War wears a double face. One face is a mask which has been thrust upon it, and this face is all laughter; the other is the natural face of war, and it is all tears. The two are not seen as alternatives, but always side by side. At Waterloo Station there it was—the eternal double face of war. Beside a bawling, singing, hatless, perspiring, triumphant face, a face straining, clinched, stricken, speechless—a face of unfathomed woe. As the train moved out of the station the long frieze of faces was drawn past one’s carriage, the higher faces crushed into the architrave formed by the top of the carriage window. The first few faces were distinct—sad and glad; but the platform was incredibly long, the train quickened, and we said goodbye to a composite picture. At Southampton, again the double face of war. It filled the wharves as, the oldest captain said, they had never been filled before, and, surging, it craned itself up to the vessel’s decks; in the one character it urged us on, in the other it beckoned us back. You turned to the seaward side, and there was a placid face that was only inscrutable.
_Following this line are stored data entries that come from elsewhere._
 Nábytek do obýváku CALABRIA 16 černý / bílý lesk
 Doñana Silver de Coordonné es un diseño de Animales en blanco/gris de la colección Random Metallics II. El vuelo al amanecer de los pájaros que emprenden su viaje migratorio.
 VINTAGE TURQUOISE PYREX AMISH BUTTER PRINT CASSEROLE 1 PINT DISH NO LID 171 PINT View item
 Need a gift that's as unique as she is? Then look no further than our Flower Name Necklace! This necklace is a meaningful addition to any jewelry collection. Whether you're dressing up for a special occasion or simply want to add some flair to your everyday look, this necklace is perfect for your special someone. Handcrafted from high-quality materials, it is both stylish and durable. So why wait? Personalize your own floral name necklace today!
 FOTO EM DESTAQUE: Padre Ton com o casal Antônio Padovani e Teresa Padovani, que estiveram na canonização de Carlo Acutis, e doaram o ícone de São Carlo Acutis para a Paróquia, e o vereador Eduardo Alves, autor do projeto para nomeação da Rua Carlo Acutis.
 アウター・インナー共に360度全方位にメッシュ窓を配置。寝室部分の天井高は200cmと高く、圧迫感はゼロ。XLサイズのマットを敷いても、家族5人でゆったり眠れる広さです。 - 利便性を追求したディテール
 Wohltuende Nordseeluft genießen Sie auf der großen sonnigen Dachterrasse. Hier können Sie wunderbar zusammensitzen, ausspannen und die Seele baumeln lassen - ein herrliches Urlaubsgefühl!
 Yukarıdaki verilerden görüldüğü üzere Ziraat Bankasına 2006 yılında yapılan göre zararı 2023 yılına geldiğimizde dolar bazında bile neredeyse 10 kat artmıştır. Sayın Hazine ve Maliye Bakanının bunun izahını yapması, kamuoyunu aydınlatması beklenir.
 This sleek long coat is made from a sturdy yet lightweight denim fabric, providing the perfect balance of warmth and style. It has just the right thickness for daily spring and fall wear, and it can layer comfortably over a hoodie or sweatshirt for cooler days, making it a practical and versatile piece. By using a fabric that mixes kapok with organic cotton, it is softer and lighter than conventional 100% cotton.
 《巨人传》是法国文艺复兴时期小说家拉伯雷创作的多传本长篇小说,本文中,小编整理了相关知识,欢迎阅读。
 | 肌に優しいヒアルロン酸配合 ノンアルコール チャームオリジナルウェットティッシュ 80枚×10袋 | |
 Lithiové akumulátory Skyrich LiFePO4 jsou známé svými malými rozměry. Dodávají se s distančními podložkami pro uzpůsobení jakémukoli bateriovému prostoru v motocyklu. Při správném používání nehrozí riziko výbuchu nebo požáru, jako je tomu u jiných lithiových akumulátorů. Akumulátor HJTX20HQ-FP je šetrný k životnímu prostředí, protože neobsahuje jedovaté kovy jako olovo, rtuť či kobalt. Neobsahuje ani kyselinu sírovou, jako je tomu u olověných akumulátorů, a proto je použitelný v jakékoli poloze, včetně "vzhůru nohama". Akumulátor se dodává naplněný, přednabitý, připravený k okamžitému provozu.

Southampton Water might have been a lake that reached to you from the foot of the grounds below the white, castled house; the small boats crept softly along under the bushes; the whole thing was elegant and artificial and unruffled.

At last we were off, and then a cry of farewell crackled below the ship and spread; along the lines it went—such a shout as the oldest captain had never heard at Southampton before. And then we on the Dunottar Castle glided away till the screen of faces was watered down into the vague solidity of the quay walls. One excursion steamer ran alongside us for a few moments; her passengers swarmed at her side to snatch a last glimpse of Sir Redvers Buller and his staff; the water streamed through the open work of her paddle-box on that side, the other paddle flapped at the water, and the vessel, like a wounded duck, fell speedily into our wake. A little later came darkness, the red light of the Needles, and then the growing roll of the Channel. Thus the brains of the army started for South Africa.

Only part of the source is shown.